Hart: Finally, a Hollywood award show worth watching

(Photo by Paul Drinkwater/NBC via AP / This image released by NBC shows host Ricky Gervais speaking at the 77th Annual Golden Globe Awards at the Beverly Hilton Hotel in Beverly Hills, on Sunday.
(Photo by Paul Drinkwater/NBC via AP / This image released by NBC shows host Ricky Gervais speaking at the 77th Annual Golden Globe Awards at the Beverly Hilton Hotel in Beverly Hills, on Sunday.

Each year I write about the predictably smug, "woke" and self-congratulatory award shows.

In January The Golden Globes kicks off this annual ritual of actors giving each other awards, which lasts through about November. I like to watch the Golden Globes as it is a great indicator of how boring the Academy Awards will be. The only change in last year's ceremony, which was hosted by the self-righteous and predictable Seth Meyers, was that fewer actresses thanked Harvey Weinstein.

To many of us, the biggest casualty of the Trump administration is that all of the humor of our late-night comics has been lost to angry, political hate diatribes.

Seth Meyers and Steven Colbert personify the Hate-Trump Tourette's syndrome, which renders them no longer funny, relevant or insightful. In the past, you could get three hours of college credit for listening to the liberal lectures at award shows.

Enter Ricky Gervais of "The Office" fame.

Gervais, this year's Golden Globes host, woke up the "ever-woke," sanctimonious, shallow and hypocritical Hollywood with his opening monologue. Gervais, beer in hand, told the leftist actors, "If you do win an award tonight, don't use it as a platform to make a political speech, right? You're in no position to lecture the public about anything. You know nothing about the real world. Most of you spent less time in school than Greta Thunberg."

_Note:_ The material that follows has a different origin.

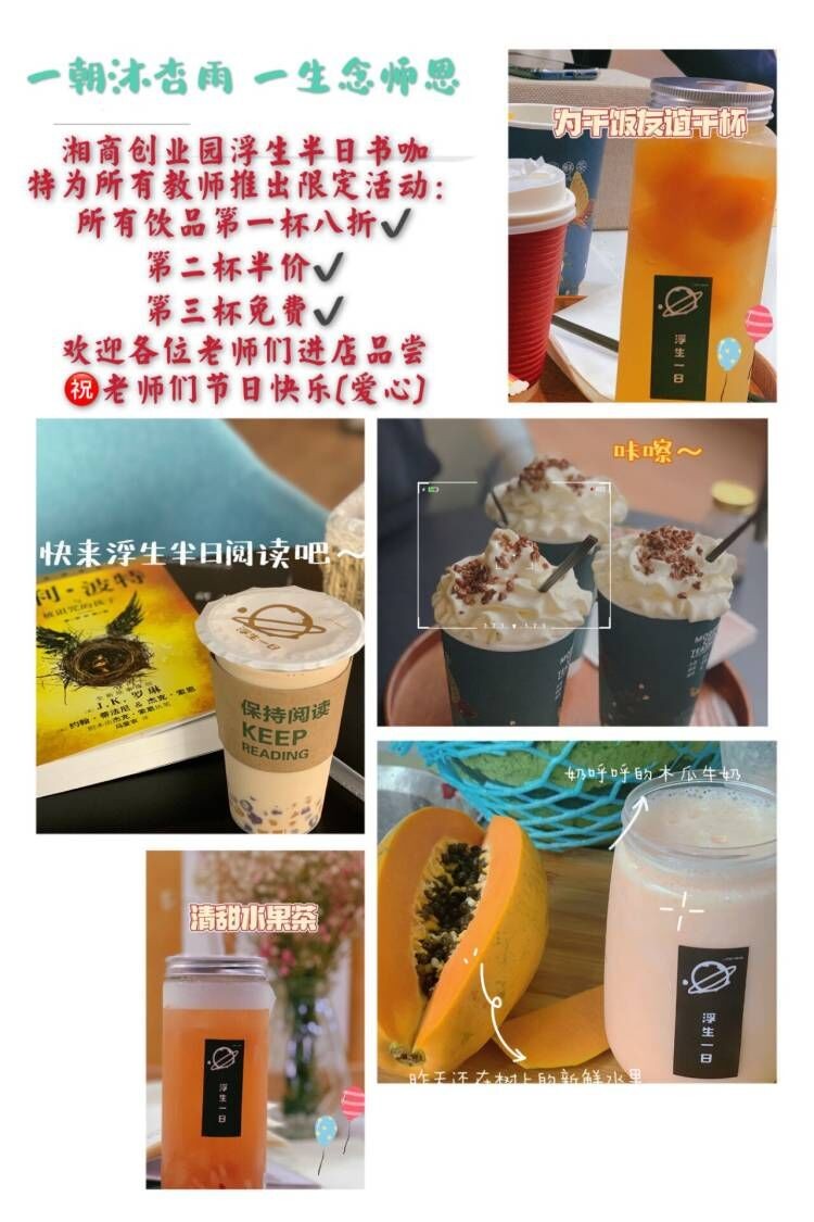 位于湘商创业园四楼的浮生半日书咖也为迎接教师节的到来做了充分准备,并特别策划了教师节优惠活动。作为学校的网红打卡地,书咖给老师们提供一个温馨舒适的小憩场所;书咖的饮品和服务态度也得到了老师们的一致好评。

He went on to point out they work for entertainment conglomerates like Amazon, Apple and Disney, companies that produce goods in child labor- and human rights-violating countries like China. He went on to tell the A-list actors, "If ISIS started a streaming service, you'd call your agent" to get a gig.

Getting lectured by pampered millionaires who act out roles written for them by smarter people about fictitious heroes has gotten old. Dripping in diamonds, flying private, they have no moral standing to lecture us. A UCLA study said the motion picture industry, which flies workers to Georgia for the tax credits and builds elaborate sets soon torn down, has one of the biggest carbon footprints of any industry.

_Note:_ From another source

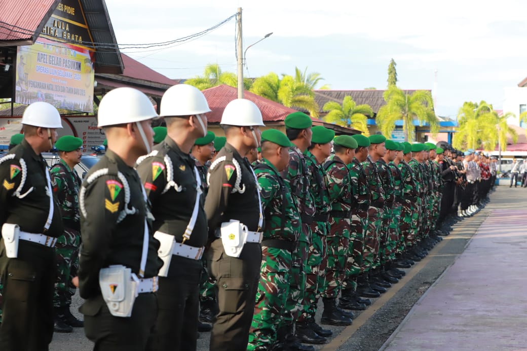 Kapolres Pidie Kapolres Pidie, AKBP Jaka Mulyana, S.I.K., M.I.K.,selaku pimpinan apel, membacakan amanat Kapolri yang menekankan pentingnya kesiapan personel dan sarana prasarana untuk mendukung keamanan perayaan Natal dan Tahun Baru.

The always litigious Congressman Adam Schiff, D-California, represents the Hollywood district where the event was held. He has already filed articles of impeachment with the Hollywood Foreign Press to assure his constituents that Gervais cannot host again next year. The Clintons have already written a condolence letter saying they are "saddened by Mr. Gervais' apparent suicide."

Long gone are manly Republicans like John Wayne and Ronald Reagan. Actors now are considered for movies where they play Marvel heroes whose superpower is that they eat gluten.

The ceremony was predictably long, but at least tempering the political speeches and voter registration drives made it more tolerable. I was afraid the event would go on so long that the child actor from the Nazi movie "Jojo Rabbit" would have survived puberty and been able to drink at the Golden Globe bar before it was over.

Another observation I had is that most of today's American movie actors have British accents, and that doesn't even include Madonna and Tina Turner. Maybe Trump needs to look into foreign actors taking American jobs.

Absent this year was last year's theme, #OscarsBeSoWhite. No directors and few, if any, winners were black. I guess once actors hashtag Tweet something, they presume the problem solved.